**Exercise objective**.
Pictures in the listing below are skipped, while the lines from the "黄金白银而言,今天早盘高开后" line through the "EC-CUBEの管理画面より" line are returned word for word.

**Records provided**.
++++++++
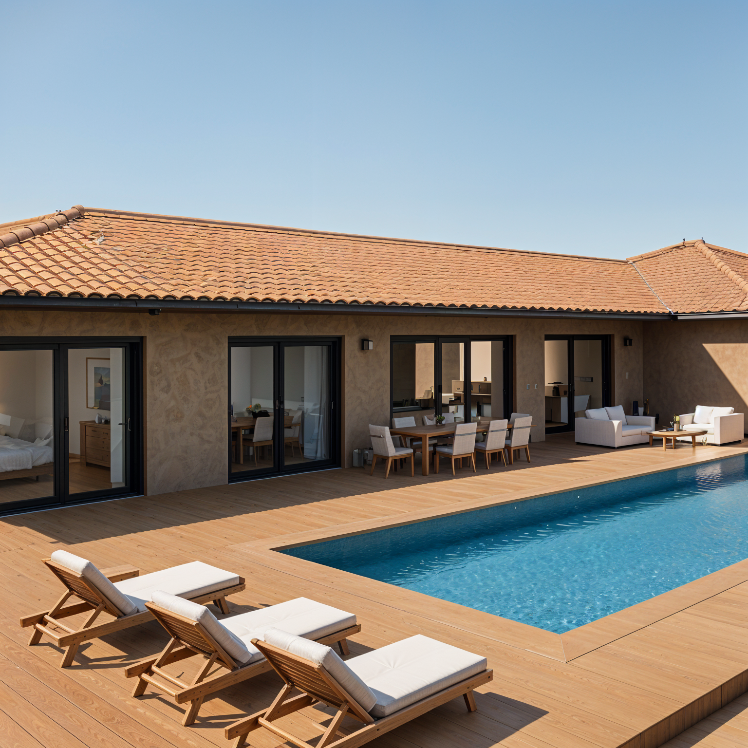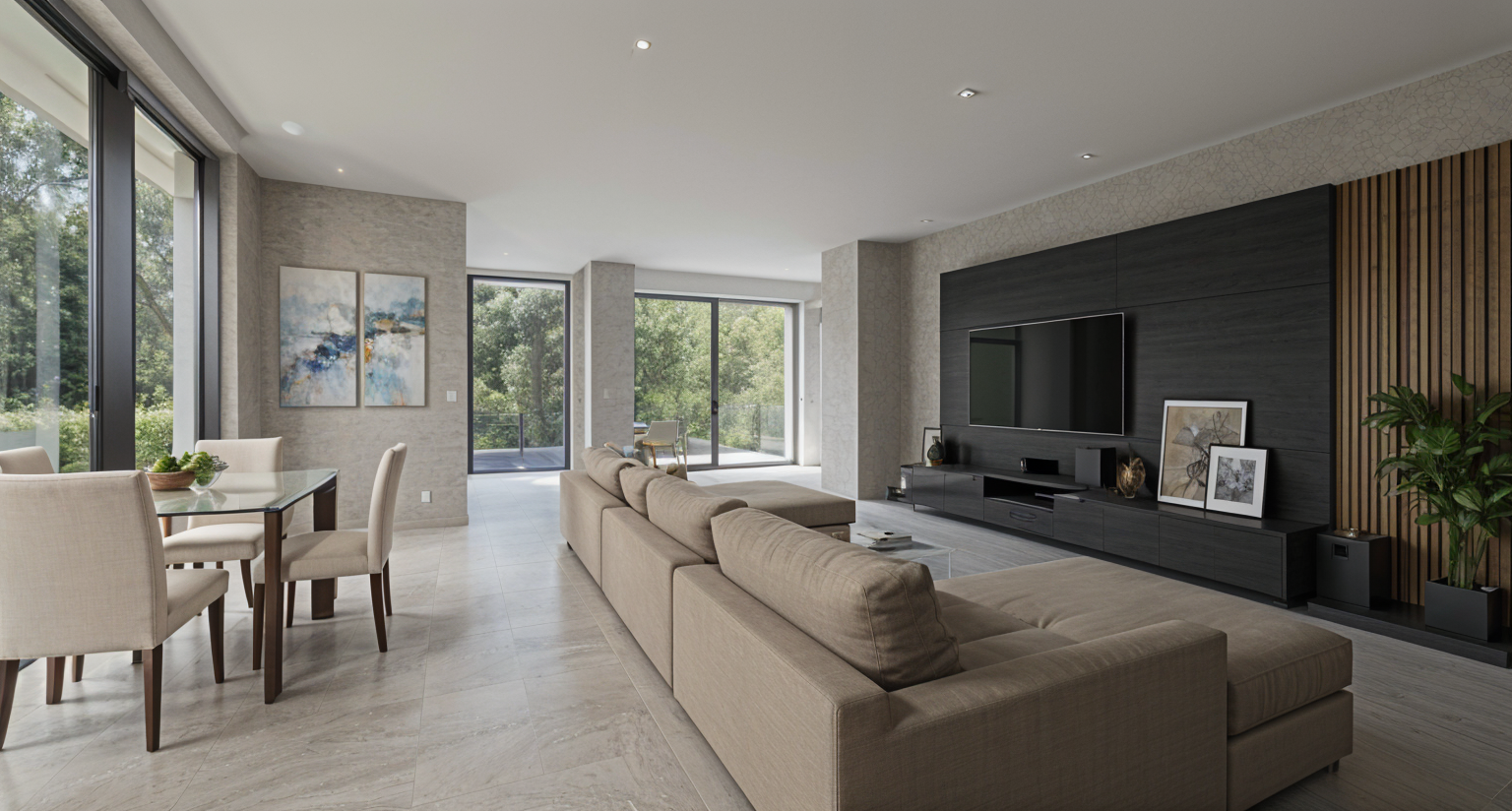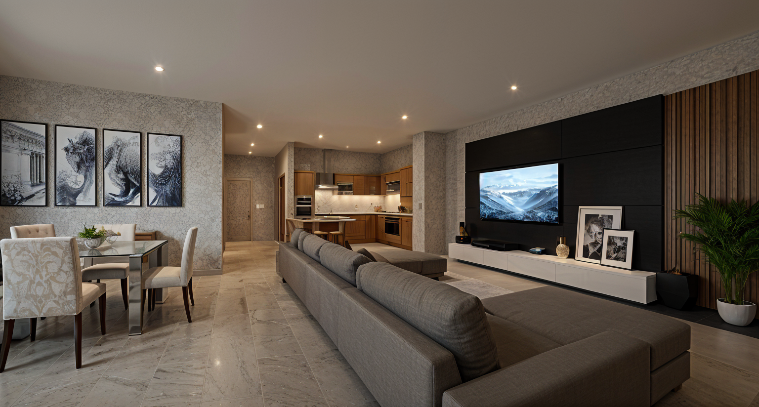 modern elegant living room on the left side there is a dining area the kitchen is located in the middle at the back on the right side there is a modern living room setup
++++++++
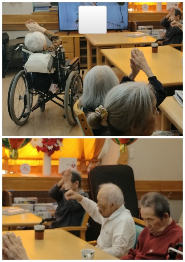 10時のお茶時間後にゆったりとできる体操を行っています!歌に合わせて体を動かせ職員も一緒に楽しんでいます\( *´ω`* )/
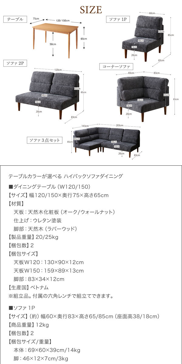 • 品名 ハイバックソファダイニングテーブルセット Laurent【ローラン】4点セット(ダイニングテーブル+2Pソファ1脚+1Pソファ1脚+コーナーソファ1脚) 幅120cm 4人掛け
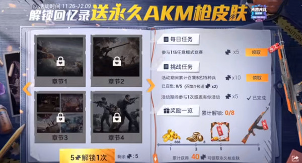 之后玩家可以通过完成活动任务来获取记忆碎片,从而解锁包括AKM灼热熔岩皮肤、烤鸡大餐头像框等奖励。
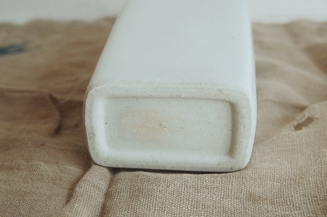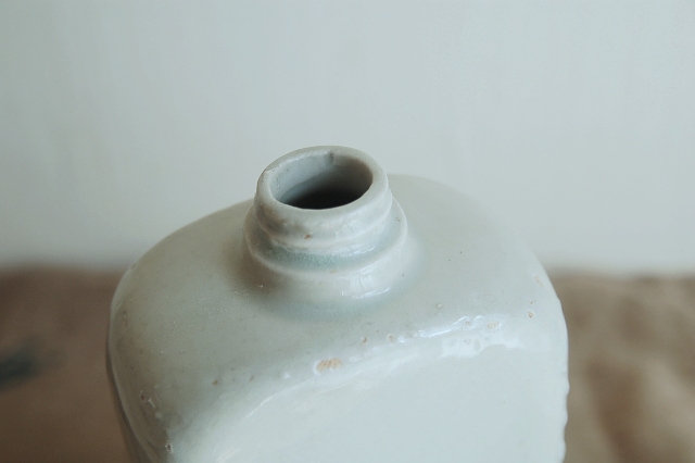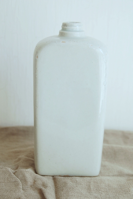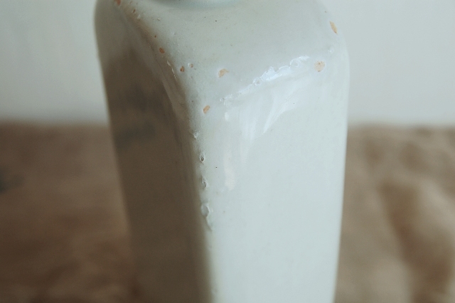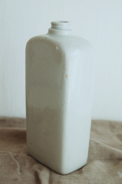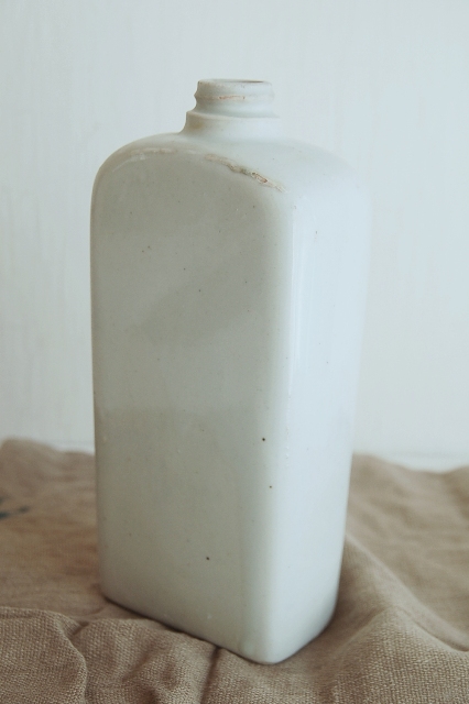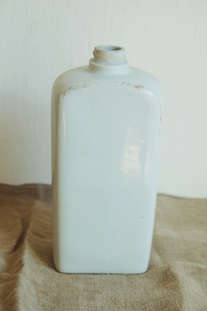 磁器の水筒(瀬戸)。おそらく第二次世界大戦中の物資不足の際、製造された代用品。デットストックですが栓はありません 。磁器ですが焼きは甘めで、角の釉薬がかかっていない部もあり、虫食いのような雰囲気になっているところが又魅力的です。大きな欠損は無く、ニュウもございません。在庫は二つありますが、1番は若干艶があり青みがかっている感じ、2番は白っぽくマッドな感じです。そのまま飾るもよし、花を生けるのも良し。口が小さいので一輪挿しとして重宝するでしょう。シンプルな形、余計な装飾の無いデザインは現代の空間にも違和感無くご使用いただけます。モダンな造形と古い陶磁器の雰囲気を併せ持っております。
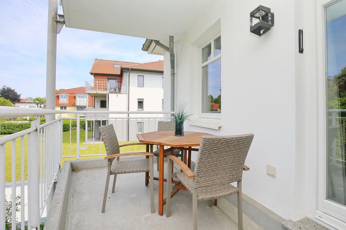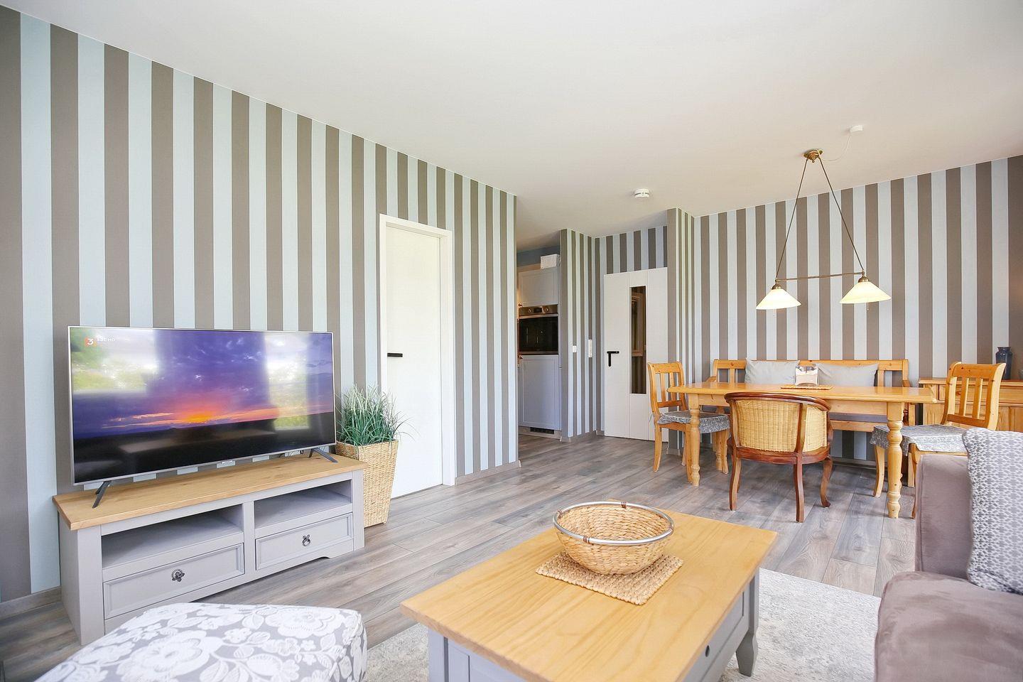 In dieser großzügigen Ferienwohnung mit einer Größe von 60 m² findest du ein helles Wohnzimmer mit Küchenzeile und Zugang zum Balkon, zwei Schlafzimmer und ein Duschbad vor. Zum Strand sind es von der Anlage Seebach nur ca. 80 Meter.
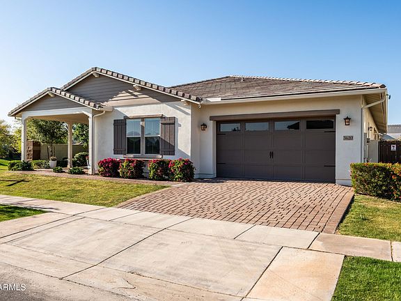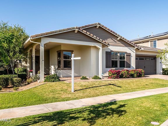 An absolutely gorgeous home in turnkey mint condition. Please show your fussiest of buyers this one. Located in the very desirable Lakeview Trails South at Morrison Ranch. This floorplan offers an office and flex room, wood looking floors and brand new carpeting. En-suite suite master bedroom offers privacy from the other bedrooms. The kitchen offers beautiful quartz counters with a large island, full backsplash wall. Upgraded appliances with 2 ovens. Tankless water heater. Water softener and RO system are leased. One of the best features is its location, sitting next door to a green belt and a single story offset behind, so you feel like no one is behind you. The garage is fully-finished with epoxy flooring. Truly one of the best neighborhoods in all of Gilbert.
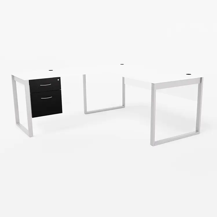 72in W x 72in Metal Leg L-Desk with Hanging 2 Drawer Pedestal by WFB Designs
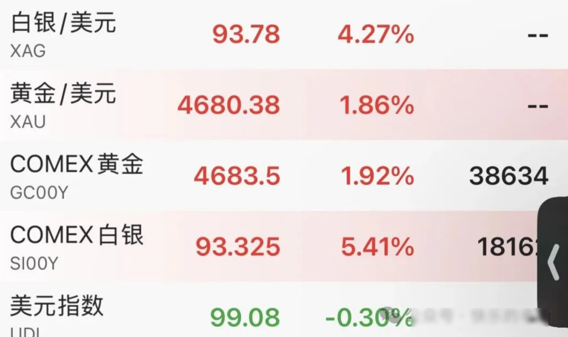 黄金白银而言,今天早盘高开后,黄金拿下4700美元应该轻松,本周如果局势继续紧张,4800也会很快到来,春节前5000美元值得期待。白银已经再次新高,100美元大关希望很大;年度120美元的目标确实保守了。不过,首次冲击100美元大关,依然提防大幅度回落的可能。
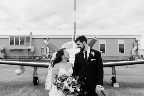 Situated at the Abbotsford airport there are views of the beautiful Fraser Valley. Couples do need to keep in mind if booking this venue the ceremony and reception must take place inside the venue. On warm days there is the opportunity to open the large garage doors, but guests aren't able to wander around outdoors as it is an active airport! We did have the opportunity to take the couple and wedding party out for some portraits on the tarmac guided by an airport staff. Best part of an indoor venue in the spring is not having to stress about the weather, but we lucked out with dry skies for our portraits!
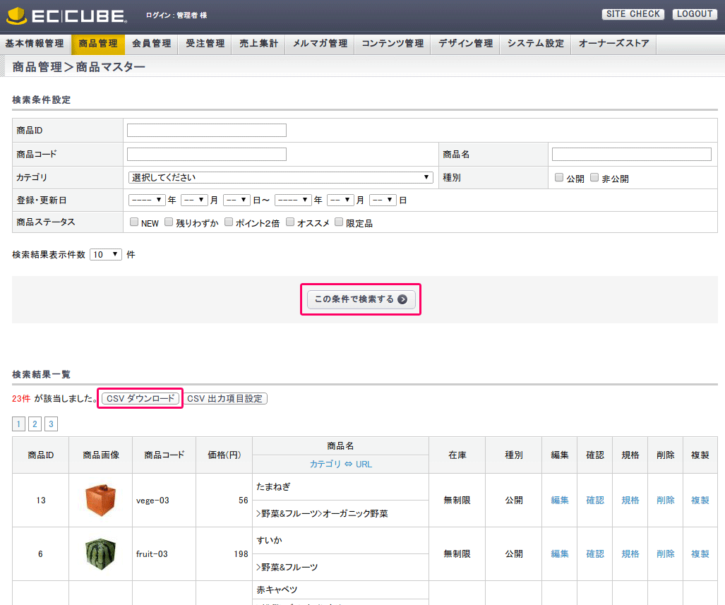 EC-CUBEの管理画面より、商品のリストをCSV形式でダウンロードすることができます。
++++++++
**Your solution**.
 黄金白银而言,今天早盘高开后,黄金拿下4700美元应该轻松,本周如果局势继续紧张,4800也会很快到来,春节前5000美元值得期待。白银已经再次新高,100美元大关希望很大;年度120美元的目标确实保守了。不过,首次冲击100美元大关,依然提防大幅度回落的可能。
 Situated at the Abbotsford airport there are views of the beautiful Fraser Valley. Couples do need to keep in mind if booking this venue the ceremony and reception must take place inside the venue. On warm days there is the opportunity to open the large garage doors, but guests aren't able to wander around outdoors as it is an active airport! We did have the opportunity to take the couple and wedding party out for some portraits on the tarmac guided by an airport staff. Best part of an indoor venue in the spring is not having to stress about the weather, but we lucked out with dry skies for our portraits!
 EC-CUBEの管理画面より、商品のリストをCSV形式でダウンロードすることができます。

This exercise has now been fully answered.